While in statutory operating debt the district was allowed to spend state-required staff development money to balance its budget. As a result, the district is long overdue in updating its curriculum in math, science and reading and has not had provided teacher training.
The district lags behind other area districts in student test scores, especially in science. Math and readings scores are also lower.
Financial cuts to the custodial department had some unhealthy consequences, as well.
There have been a "lot of sacrifices" for the district to meet the financial goal, said Rueckert
New money from an operating levy that was approved this spring won't come to the district until the 2009-10 school year. That's giving the school board time to plan positive changes for the district, Raske said.

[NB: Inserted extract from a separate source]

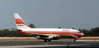 Pacific Southwest Airlines (PSA) was a low-cost airline in the United States headquartered in San Diego, California, that operated from 1949 to 1988. It was the first substantial scheduled discount airline. PSA called itself "The World's Friendliest Airline" and painted a smile on the nose of its airplanes, the PSA Grinningbirds.[2] The Los Angeles Times called PSA "practically the unofficial flag carrier airline of California for almost forty years."[3]

"It's wonderful. It gives us a chance to look to the future," Raske said. A "big burden" has been lifted, she said, and the school board can now "do what we're supposed to be doing" by focusing on improving student education instead of looking for more things to cut.
Committees are being established to review the curriculum and plan for updating materials. The committee will travel to the successful districts to find out what they're doing right that could be done at ACGC.
Another committee will examine options for staff development.
A school improvement committee, which will include public input, will look at other ways to improve education in the district.
The mood at the board meeting was definitely lighter and there is eagerness to start implementing programs to improve the district and the education the students receive.
"It's an adventure," Rueckert said. "We're just starting out."
A preliminary report on student enrollment was also encouraging. Although the total enrollment was down six students from last spring, there are 10 more students at ACGC North Elementary in Atwater this year.
In the meantime, the district will have just as many challenges this year as last year to keep a tight budget in place, said Raske, especially since the legislature isn't likely to come up with additional money for education.
Barring a "catastrophe," she's confident the district won't temporarily slip back into statutory operating debt this year but will keep the scarlet letters -- and the red numbers on the financial log -- at bay.